◆ RAW DATA
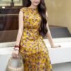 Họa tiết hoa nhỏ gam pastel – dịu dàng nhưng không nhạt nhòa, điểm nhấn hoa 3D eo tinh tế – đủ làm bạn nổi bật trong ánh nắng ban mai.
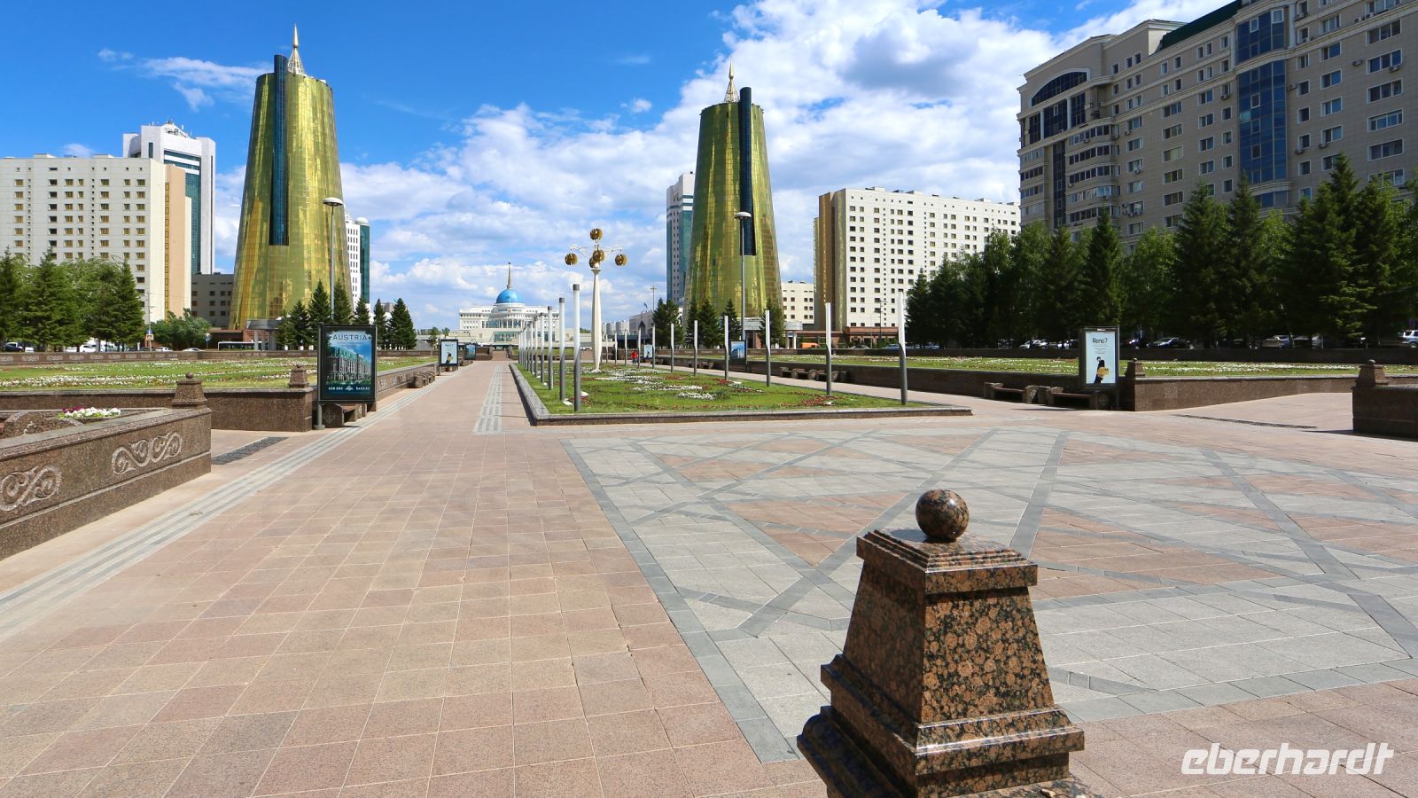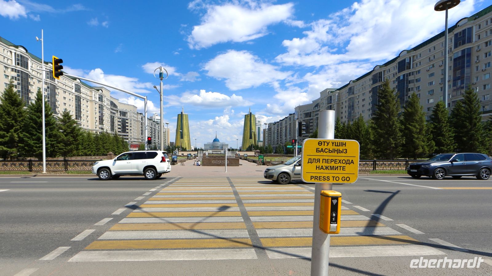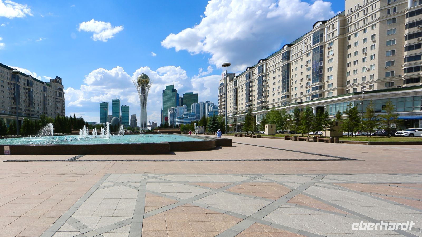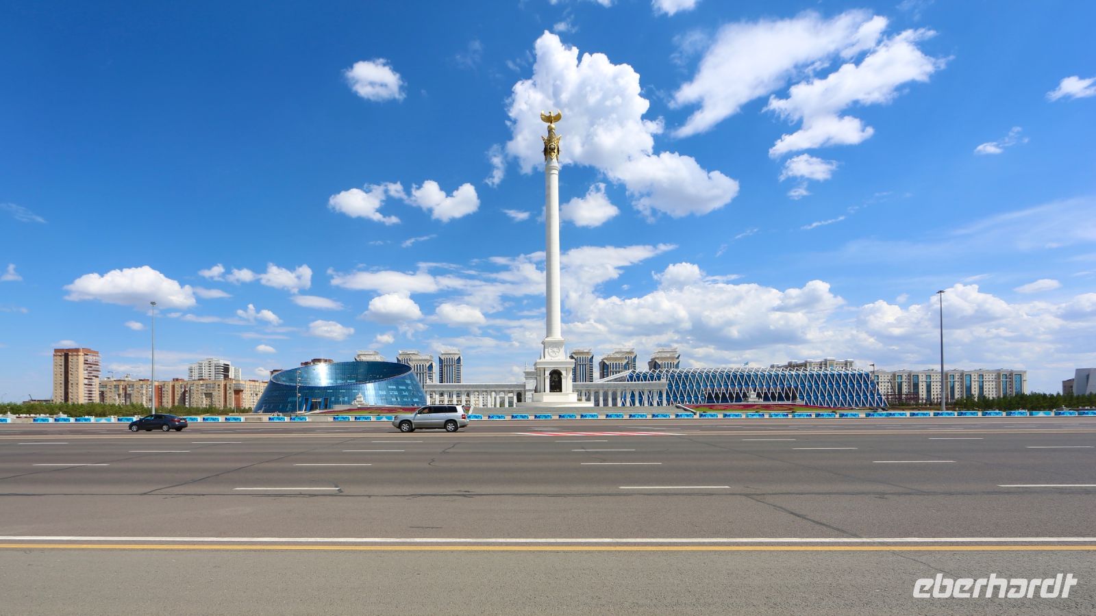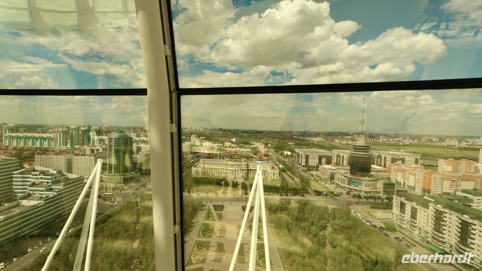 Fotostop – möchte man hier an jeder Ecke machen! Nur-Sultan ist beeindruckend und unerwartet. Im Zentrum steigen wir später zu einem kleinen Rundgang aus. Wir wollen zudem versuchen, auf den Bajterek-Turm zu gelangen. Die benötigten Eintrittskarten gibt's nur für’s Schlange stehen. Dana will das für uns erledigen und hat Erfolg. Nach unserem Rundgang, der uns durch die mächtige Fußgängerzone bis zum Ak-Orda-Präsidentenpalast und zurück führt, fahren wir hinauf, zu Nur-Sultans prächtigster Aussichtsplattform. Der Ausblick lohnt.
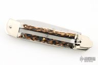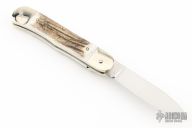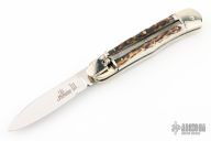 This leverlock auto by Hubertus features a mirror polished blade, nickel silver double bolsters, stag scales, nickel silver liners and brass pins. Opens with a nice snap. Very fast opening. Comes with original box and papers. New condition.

◆ WHAT IS BEING ASKED
Leaving out all pictures, transcribe the listing exactly.

◆ COMPLETED TASK
 Họa tiết hoa nhỏ gam pastel – dịu dàng nhưng không nhạt nhòa, điểm nhấn hoa 3D eo tinh tế – đủ làm bạn nổi bật trong ánh nắng ban mai.
 Fotostop – möchte man hier an jeder Ecke machen! Nur-Sultan ist beeindruckend und unerwartet. Im Zentrum steigen wir später zu einem kleinen Rundgang aus. Wir wollen zudem versuchen, auf den Bajterek-Turm zu gelangen. Die benötigten Eintrittskarten gibt's nur für’s Schlange stehen. Dana will das für uns erledigen und hat Erfolg. Nach unserem Rundgang, der uns durch die mächtige Fußgängerzone bis zum Ak-Orda-Präsidentenpalast und zurück führt, fahren wir hinauf, zu Nur-Sultans prächtigster Aussichtsplattform. Der Ausblick lohnt.
 This leverlock auto by Hubertus features a mirror polished blade, nickel silver double bolsters, stag scales, nickel silver liners and brass pins. Opens with a nice snap. Very fast opening. Comes with original box and papers. New condition.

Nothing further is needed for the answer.